Cyclomatic Complexity

Cyclomatic complexity measures how many independent execution paths exist through a function.

Each branch increases the number of paths.

Examples include:

`if` statements
loops
logical operators
conditional expressions

More paths means more scenarios that must be tested and reasoned about.

Typical guidelines:

complexity ≤ 5 → simple
complexity ≤ 10 → manageable
complexity > 10 → refactor

High cyclomatic complexity does not mean code is wrong.
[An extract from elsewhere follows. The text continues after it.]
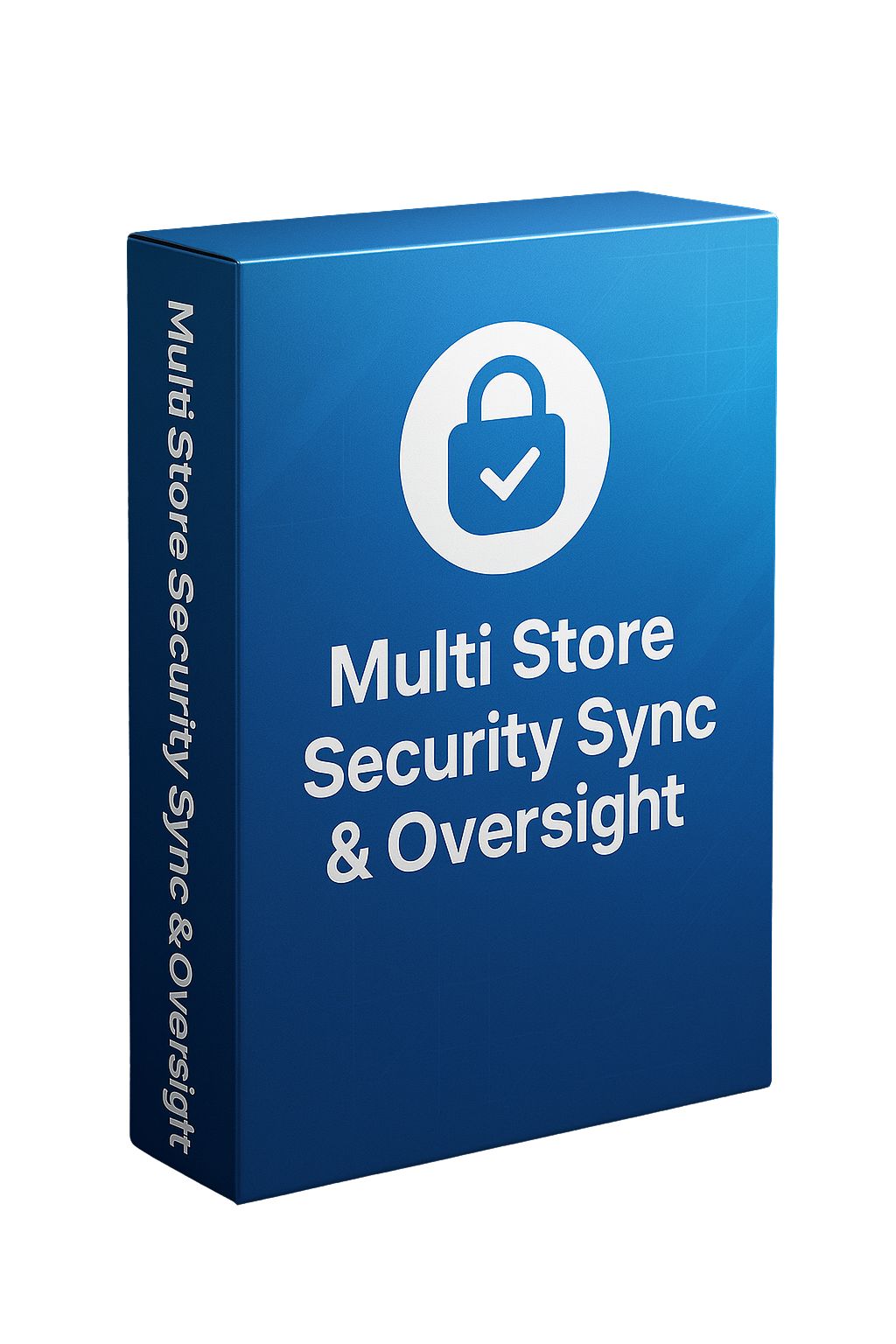 An advanced multi-store security management system that synchronizes protection settings, monitors vulnerabilities, and enforces consistent security protocols across all connected stores in real time

It means the code is becoming difficult to reason about and difficult to test. Limiting complexity forces functions to remain small and predictable.

CRAP Score

CRAP stands for Change Risk Anti-Patterns.

It combines two signals:

cyclomatic complexity
test coverage

The idea is simple. Complex code increases risk. Untested code increases risk. Complex and untested code multiplies risk. CRAP quantifies that relationship.

Typical interpretation:

CRAP < 10 → low risk
CRAP 10-30 → moderate risk
CRAP > 30 → high risk

In the workflow described earlier the target was CRAP below 8.

That forces two things at the same time:

code must remain simple
tests must remain thorough

Together these dramatically reduce the probability of introducing defects.

Why This Matters for AI

AI-generated code has a predictable weakness. It often looks correct while being semantically fragile.

The code compiles. The tests run. But small behavioral changes break the system.

Mutation testing directly attacks that weakness. Cyclomatic complexity prevents large opaque functions from emerging. CRAP ensures complex areas remain heavily tested. Together these metrics create guardrails that stabilize generated code.

This fits naturally into an AgenticOps pipeline.

The AgenticOps Verification Loop

A practical AgenticOps workflow might look like this.

Specification

↓

Agent generates acceptance tests

↓

Agent generates unit tests

↓

Agent generates implementation

↓

Run tests and fix failures

↓

Measure coverage and improve it

↓

Reduce complexity and CRAP

↓

Mutation testing attacks the code

↓

Agent fixes surviving mutants

↓

Repeat until all quality gates pass

The system continuously attempts to invalidate its own behavior. Only code that survives adversarial verification moves forward.

Architecture Through Measurement

Another interesting rule in the workflow was limiting files to a maximum number of mutation sites. Mutation sites correlate with complexity.

As files accumulate mutation points, they become harder to reason about. Instead of manually policing architecture, the system enforces limits:

maximum mutation sites per file
maximum cyclomatic complexity
maximum CRAP score

When limits are exceeded, refactoring becomes mandatory. Architecture emerges from constraints.

Acceptance Tests First

Another subtle pattern is the order of operations. The systems were not executed during development. Behavior was defined through acceptance tests before the implementation existed. Only after the verification pipeline passed was the system executed.

Execution was confirmation. Not discovery.

Deterministic Pipelines

AI-assisted development introduces a fundamental challenge: trust. Developers often ask whether generated code “looks correct”. That is not the right question. The right question is whether the code passes the verification pipeline.

Pipelines provide deterministic evaluation of stochastic output. They transform judgment into measurement.

Parallel Verification

In the original story, everything ran on a single machine. Tests, mutation engines, coverage analysis, and refactoring cycles competed for CPU time.

Modern systems can push this further. Verification can run in parallel:

test workers
mutation workers
coverage analysis
linting
architecture checks

Parallel verification shortens feedback loops while preserving rigor.

Engineering Confidence

The most important takeaway is not productivity. It is confidence.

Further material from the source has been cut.